The machine gun and the incoming tide gave Sgt. Gene Elder "a certain urgency" to get off the beach and up the cliff. He and his squad freeclimbed, as they were unable to touch the cliff. When they reached the top, "I told them, 'Boys, keep your heads down, because headquarters has fouled up again and has issued the enemy live ammunition.'"

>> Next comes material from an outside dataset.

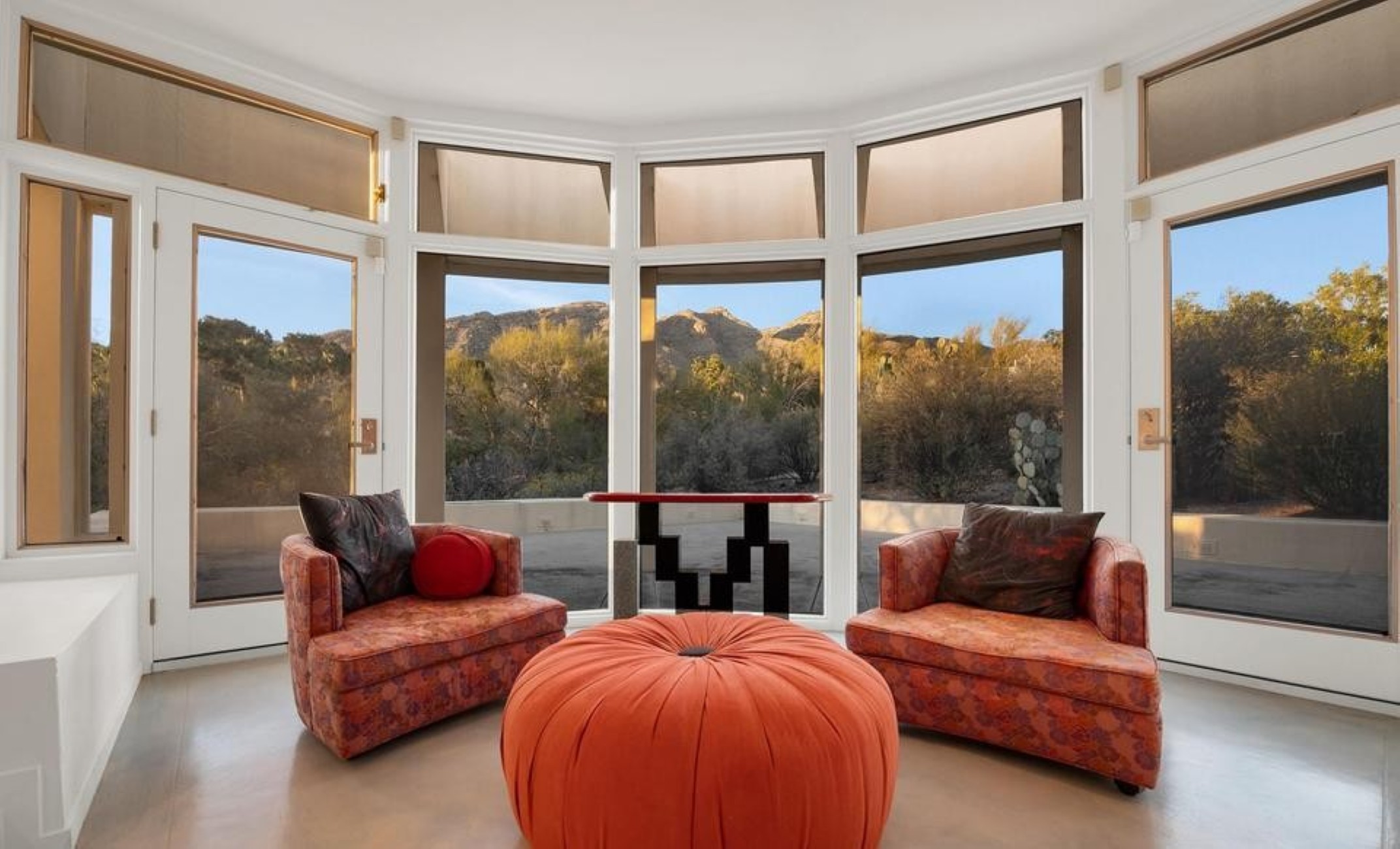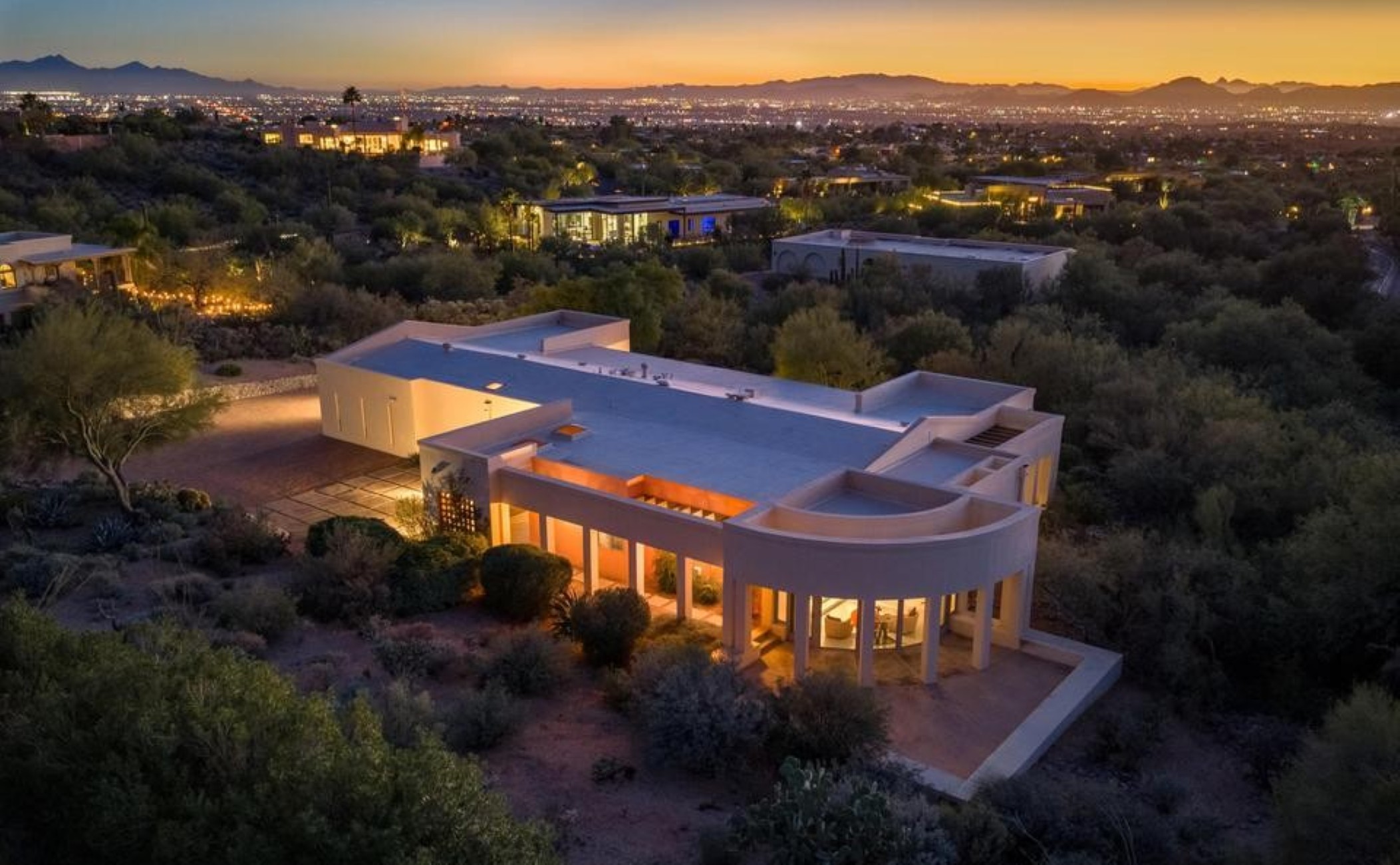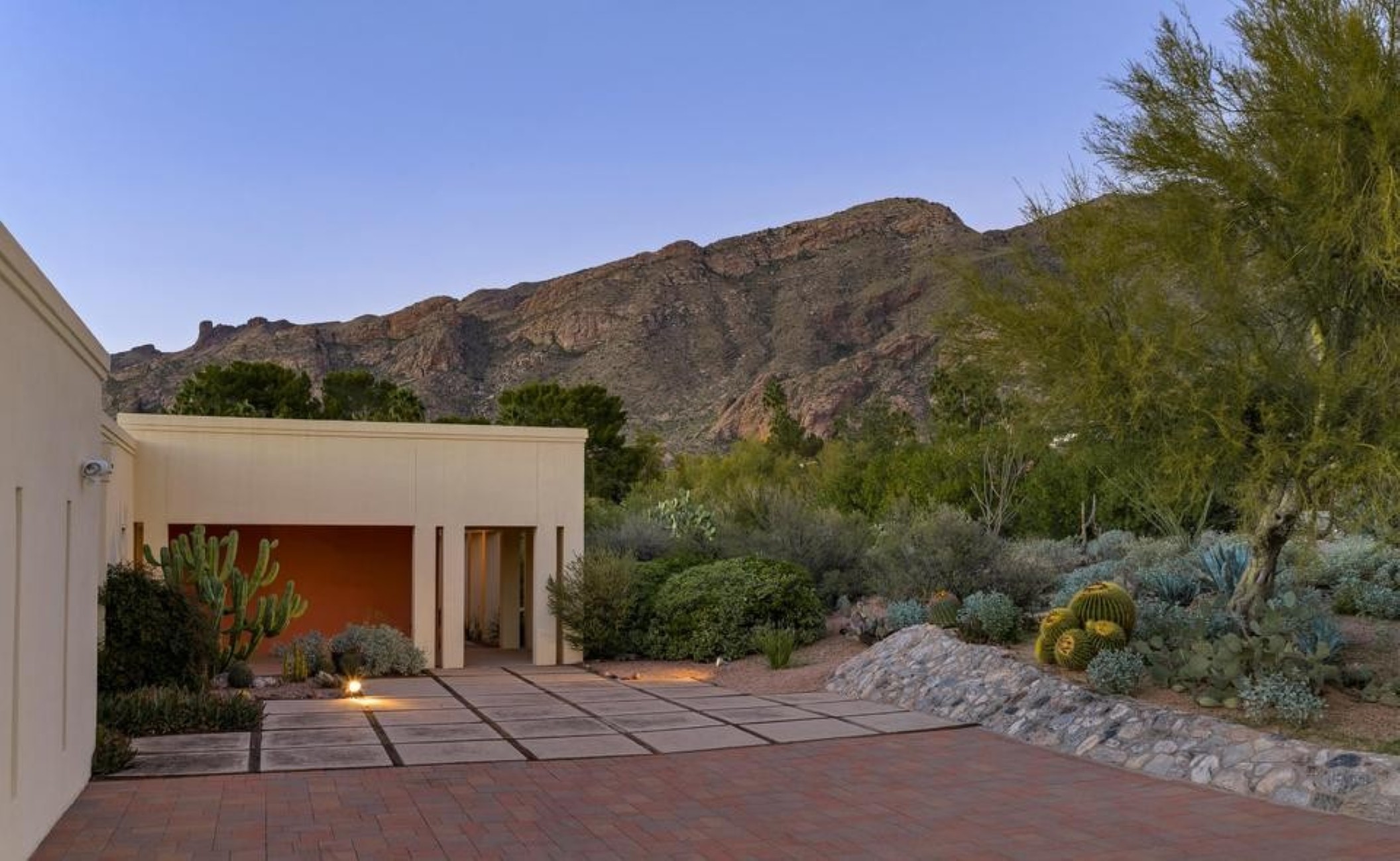 Privately situated on a 1.3-acre cul-de-sac lot within 24-hour guard-gated Skyline Country Club, this one-level, architecturally distinctive foothills residence offers sunset and up-close Catalina Mountain views in a convenient foothills location. This low-maintenance, lock-and-leave desert retreat is framed by mature natural desert landscaping. With a quiet cul-de-sac location adjacent to a greenbelt, the property maintains a sense of seclusion while maintaining convenient access to Tucson's best amenities. Upon arrival, you are greeted by an impressive motor court lined with pavers. The home is thoughtfully designed with generous living spaces, walls of glass, and abundant natural light, creating an airy, sophisticated feel perfect for entertaining. The interior features a split-bedroom floor plan with a spacious living room, formal dining room, powder room, and a sitting room with a curved wall of windows designed to capture the spectacular Catalina Mountain Views to the north. The floor plan includes a large primary suite, a private guest suite, an additional bedroom, and a dedicated office with custom built-ins. The spacious cook's kitchen in the heart of the home features a center island, ample cabinet storage, a gas cooktop, a stainless steel refrigerator, and a bright breakfast area with a door to a covered patio. The laundry room with a sink is adjacent to the kitchen. Just outside is a large storage room with air conditioning and an oversized two-car garage. The property has a new main water line and water heater. Convenient Foothills location near two Whole Foods Markets, and just minutes from La Encantada's fine dining and shopping. Convenient to the University of Arizona.The nearby "the Loop", Tucson's nationally recognized 133-mile connected bike path. Skyline Country Club offers memberships that include golf, tennis, pickleball, workout facilities, special events, and more. Just minutes from the Coronado National Forest, enjoy easy access to hiking and biking. Highly-rated Catalina Foothills District #16 schools, including Sunrise Drive Elementary school with an optional Chinese Immersion program. Close to Basis Charter School and private schools: Castlehill Country Day School, Pusch Ridge Christian Academy, The Gregory School, and Salpointe Catholic High School.

Other rangers had trouble getting up the cliff. "I went up about, I don't know, forty, fifty feet," Pvt. Sigurd Sundby remembered. "The rope was wet and kind of muddy. My hands just couldn't hold, they were like grease, and I came sliding back down. As I was going down, I wrapped my foot around the rope and slowed myself up as much as I could, but still I burned my hands. If the rope hadn't been so wet, I wouldn't have been able to hang on for the burning.

"I landed right beside [Lt. Tod] Sweeney there, and he says, 'What's the matter, Sundby, chicken? Let me -- I'll show you how to climb.' So he went up first and I was right up after him, and when I got to the top, Sweeney says, 'Hey, Sundby, don't forget to zigzag.'"

Sgt. Willian "L-Rod" Petty, who had the reputation of being one of the toughest of the rangers, a man short on temper and long on aggressiveness, also had trouble with a wet and muddy rope. As he slipped to the bottom, Capt. Walter Block, the medical officer, said to Petty, "Soldier, get up that rope to the top of the cliff." Petty turned to Block, stared him square in the face, and said, "I've been trying to get up this goddamned rope for five minutes and if you think you can do any better you can f--ing well do it yourself." Block turned away, trying to control his own temper.